If you do the calculations carefully you’re very likely to find that at the outset Cloud computing is indeed less expensive than internally hosted servers. However, given the incremental usage-based charging for CPU, I/O and storage an increase in any of these can make a substantial difference to the price – by far a greater percentage increase than the equivalent for an internally hosted solution. One recent example I worked on indicated a 10% increase in requirements led to a 6% rise in internal IT costs. The same rise in a cloud environment led to a 25% increate in annual cloud costs, so there very quickly comes a point where internal systems can be significantly more cost effective than cloud.

Use Scenarios

So, when should and shouldn’t cloud be used?

Use cloud when:

  • You have to launch a solution that starts small and needs the potential to grow rapidly, dynamically, and massively
  • If you are dealing with ad-hoc environments that are not required all the time – for example, development and test environments
  • If you do not want the hassle of managing your own servers and storage and can accept the potentially limited service level agreements and performance guarantees.
  • Your requirements are small and do not justify the investment in local IT
  • OPEX spend and consumption based pricing is preferred over CAPEX

Do not use cloud if:

  • You have sensitive data or business logic (keep this internal or use a hybrid cloud and keep this information private)
  • You are concerned about the security risks of cloud environments
  • You need to retain control over your data, systems and service levels
  • You are contractually obligated to ensure data remains in-country
  • Your requirements are considerable and, therefore, cloud can be expensive – use local IT or dedicated hosting instead
  • CAPEX spend is more acceptable than OPEX

The Future

Cloud computing seems to be far more than a passing fad. The advent of low-cost low-latency high-bandwidth connectivity, coupled with massive increases in processing power and storage capability have come together to make cloud computing a very real and viable mechanism for delivering IT.

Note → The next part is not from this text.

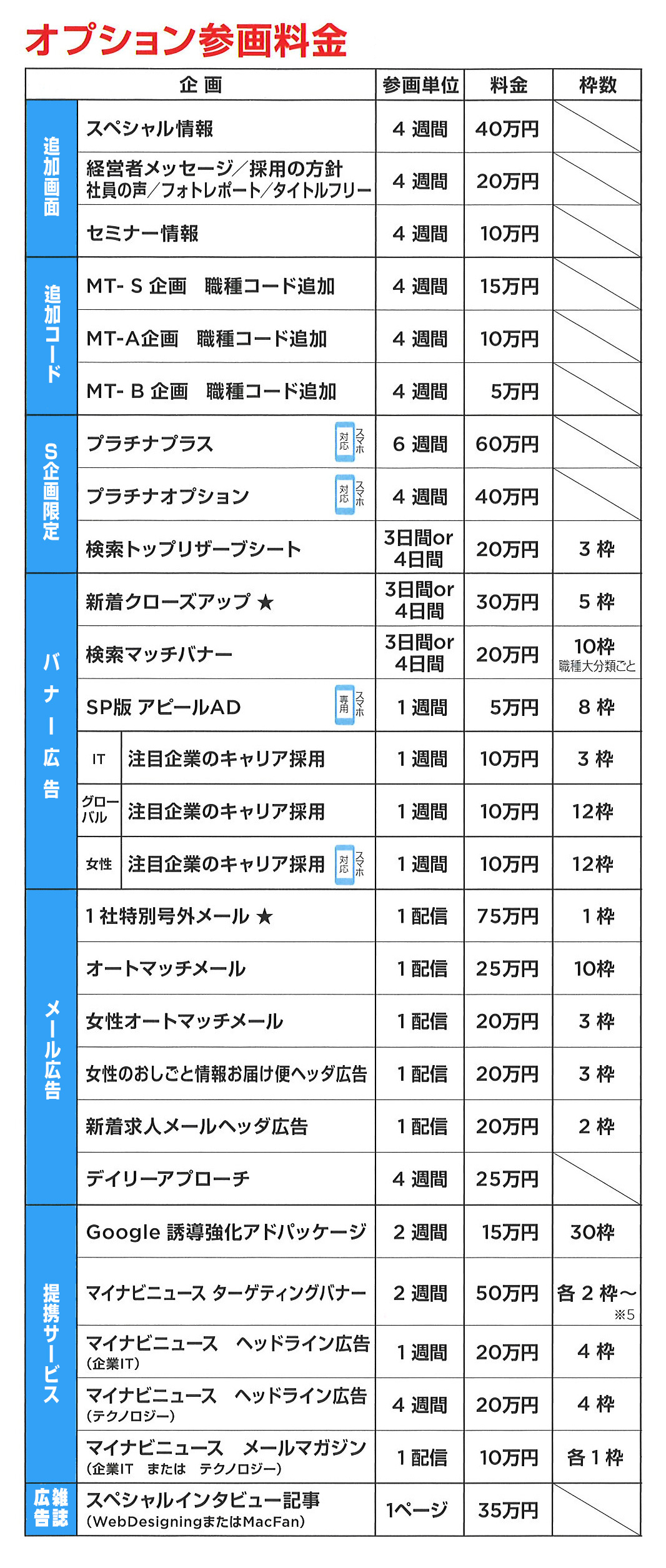 オプションと料金 マイナビ転職へのご掲載ならcin求人agencyへ

As the market evolves, the offerings will become more comprehensive, and any deficiencies and weaknesses will be ironed out, making cloud computing not only more financially attractive, but also more technically viable and less risky.

Increasingly, major corporations as well as small businesses will take to cloud computing – initially for niche areas such as development, testing and initial product launches, and then as the cloud matures, becomes more cost effective to scale, and security concerns are addressed, it will be used for other areas too, including core business IT functions. This will both support and be supported by the business moving to more flexible ways of working which require more ubiquitous access to applications, regardless of location or terminal type.

Eventually, we may see the majority of IT being hosted in a cloud of one form or another – initially on a combination of external and internal (hybrid) clouds, and potentially moving more and more over time to robust external clouds. There could even come a time when everything moves to cloud computing, with only the most sensitive requirements being hosted internally, but this is still some way off.

Conclusion

There is a definite place in most organisations for one form of cloud computing or another. The key is to carefully assess when cloud is appropriate and when it’s not. Is it cost-effective? Does it deliver enhanced agility and scalability? Can it provide the appropriate levels of security and availability?

Any organisation today should be looking at how cloud computing fits into their organisation today, and starting to ask the pertinent questions to assess it’s suitability and viability. This should be seen as a starting point and setting the ground-work for the longer-term when cloud computing will inevitably be the logical approach to delivery for much of IT.

Caution, however, should be exercised – cloud computing is real and useful, but the full implications need to be carefully analysed and assessed and cloud entered into with a full awareness of not only the potential benefits, but also the risks and implications that accompany them.